Bottom-up attention model for image captioning and VQA, based on Faster R-CNN and Visual Genome

Overview

bottom-up-attention

This code implements a bottom-up attention model, based on multi-gpu training of Faster R-CNN with ResNet-101, using object and attribute annotations from Visual Genome.

The pretrained model generates output features corresponding to salient image regions. These bottom-up attention features can typically be used as a drop-in replacement for CNN features in attention-based image captioning and visual question answering (VQA) models. This approach was used to achieve state-of-the-art image captioning performance on MSCOCO (CIDEr 117.9, BLEU_4 36.9) and to win the 2017 VQA Challenge (70.3% overall accuracy), as described in:

Some example object and attribute predictions for salient image regions are illustrated below.

teaser-bike teaser-oven

Note: This repo only includes code for training the bottom-up attention / Faster R-CNN model (section 3.1 of the paper). The actual captioning model (section 3.2) is available in a separate repo here.

Reference

If you use our code or features, please cite our paper:

@inproceedings{Anderson2017up-down,
  author = {Peter Anderson and Xiaodong He and Chris Buehler and Damien Teney and Mark Johnson and Stephen Gould and Lei Zhang},
  title = {Bottom-Up and Top-Down Attention for Image Captioning and Visual Question Answering},
  booktitle={CVPR},
  year = {2018}
}

Disclaimer

This code is modified from py-R-FCN-multiGPU, which is in turn modified from py-faster-rcnn code. Please refer to these links for further README information (for example, relating to other models and datasets included in the repo) and appropriate citations for these works. This README only relates to Faster R-CNN trained on Visual Genome.

License

bottom-up-attention is released under the MIT License (refer to the LICENSE file for details).

Pretrained features

For ease-of-use, we make pretrained features available for the entire MSCOCO dataset. It is not necessary to clone or build this repo to use features downloaded from the links below. Features are stored in tsv (tab-separated-values) format that can be read with tools/read_tsv.py.
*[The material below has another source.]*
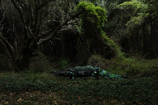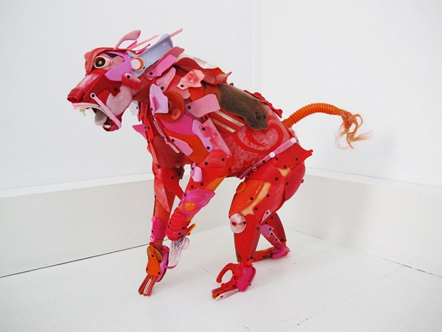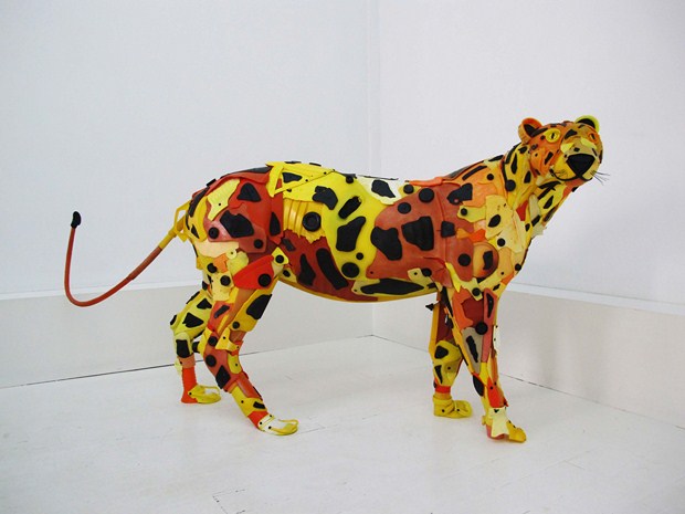 Ainsi, il récupère sur les plages les produits dérivés du pétrole et de son industrie que rejette la mer, avec lesquels il crée et façonne les animaux emblématiques en voie de disparition. L’ours, le loup, la panthère, le crocodile, le singe en écailles colorées … se

LINKS HAVE BEEN UPDATED TO GOOGLE CLOUD STORAGE (14 Feb 2021)

10 to 100 features per image (adaptive):

36 features per image (fixed):

Both sets of features can be recreated by using tools/generate_tsv.py with the appropriate pretrained model and with MIN_BOXES/MAX_BOXES set to either 10/100 or 36/36 respectively - refer Demo.

Contents

  1. Requirements: software
  2. Requirements: hardware
  3. Basic installation
  4. Demo
  5. Training
  6. Testing

Requirements: software

  1. Important Please use the version of caffe contained within this repository.

  2. Requirements for Caffe and pycaffe (see: Caffe installation instructions)

Note: Caffe must be built with support for Python layers and NCCL!

# In your Makefile.config, make sure to have these lines uncommented
WITH_PYTHON_LAYER := 1
USE_NCCL := 1
# Unrelatedly, it's also recommended that you use CUDNN
USE_CUDNN := 1
  1. Python packages you might not have: cython, python-opencv, easydict
  2. Nvidia's NCCL library which is used for multi-GPU training https://github.com/NVIDIA/nccl

Requirements: hardware

Any NVIDIA GPU with 12GB or larger memory is OK for training Faster R-CNN ResNet-101.

Installation

  1. Clone the repository
git clone https://github.com/peteanderson80/bottom-up-attention/
  1. Build the Cython modules

    cd $REPO_ROOT/lib
    make
  2. Build Caffe and pycaffe

    cd $REPO_ROOT/caffe
    # Now follow the Caffe installation instructions here:
    #   http://caffe.berkeleyvision.org/installation.html
    
    # If you're experienced with Caffe and have all of the requirements installed
    # and your Makefile.config in place, then simply do:
    make -j8 && make pycaffe

Demo

  1. Download pretrained model, and put it under data\faster_rcnn_models.

  2. Run tools/demo.ipynb to show object and attribute detections on demo images.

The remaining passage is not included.